▼
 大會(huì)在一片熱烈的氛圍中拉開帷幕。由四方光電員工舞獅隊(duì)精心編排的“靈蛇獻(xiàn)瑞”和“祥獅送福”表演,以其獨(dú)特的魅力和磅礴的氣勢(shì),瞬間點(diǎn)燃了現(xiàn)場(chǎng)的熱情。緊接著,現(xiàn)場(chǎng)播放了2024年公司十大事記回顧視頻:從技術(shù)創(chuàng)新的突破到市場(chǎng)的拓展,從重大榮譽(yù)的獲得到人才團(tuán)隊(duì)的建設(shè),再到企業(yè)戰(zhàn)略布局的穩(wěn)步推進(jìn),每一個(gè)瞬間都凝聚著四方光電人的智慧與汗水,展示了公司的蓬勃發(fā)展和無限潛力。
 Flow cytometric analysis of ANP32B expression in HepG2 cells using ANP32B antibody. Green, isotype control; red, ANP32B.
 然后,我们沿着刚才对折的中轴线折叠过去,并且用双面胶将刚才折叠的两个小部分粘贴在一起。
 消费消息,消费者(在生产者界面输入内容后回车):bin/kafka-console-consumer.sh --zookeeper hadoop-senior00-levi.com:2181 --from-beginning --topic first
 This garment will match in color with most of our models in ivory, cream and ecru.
▲
▼
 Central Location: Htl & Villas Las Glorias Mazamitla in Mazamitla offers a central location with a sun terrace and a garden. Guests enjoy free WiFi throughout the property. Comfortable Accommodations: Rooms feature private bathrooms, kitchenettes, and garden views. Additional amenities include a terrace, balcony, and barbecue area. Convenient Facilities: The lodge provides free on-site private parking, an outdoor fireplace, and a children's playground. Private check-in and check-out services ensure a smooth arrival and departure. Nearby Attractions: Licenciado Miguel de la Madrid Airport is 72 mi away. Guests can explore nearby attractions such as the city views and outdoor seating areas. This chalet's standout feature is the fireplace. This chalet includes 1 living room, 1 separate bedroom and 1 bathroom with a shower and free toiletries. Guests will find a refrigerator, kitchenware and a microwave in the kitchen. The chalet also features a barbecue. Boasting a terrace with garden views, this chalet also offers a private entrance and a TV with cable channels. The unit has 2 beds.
▲
WHAT TO PRODUCE: Among the lines of the material above, find those with the word "This". Copy each one.

COMPLETED TASK:
 This garment will match in color with most of our models in ivory, cream and ecru.
 Central Location: Htl & Villas Las Glorias Mazamitla in Mazamitla offers a central location with a sun terrace and a garden. Guests enjoy free WiFi throughout the property. Comfortable Accommodations: Rooms feature private bathrooms, kitchenettes, and garden views. Additional amenities include a terrace, balcony, and barbecue area. Convenient Facilities: The lodge provides free on-site private parking, an outdoor fireplace, and a children's playground. Private check-in and check-out services ensure a smooth arrival and departure. Nearby Attractions: Licenciado Miguel de la Madrid Airport is 72 mi away. Guests can explore nearby attractions such as the city views and outdoor seating areas. This chalet's standout feature is the fireplace. This chalet includes 1 living room, 1 separate bedroom and 1 bathroom with a shower and free toiletries. Guests will find a refrigerator, kitchenware and a microwave in the kitchen. The chalet also features a barbecue. Boasting a terrace with garden views, this chalet also offers a private entrance and a TV with cable channels. The unit has 2 beds.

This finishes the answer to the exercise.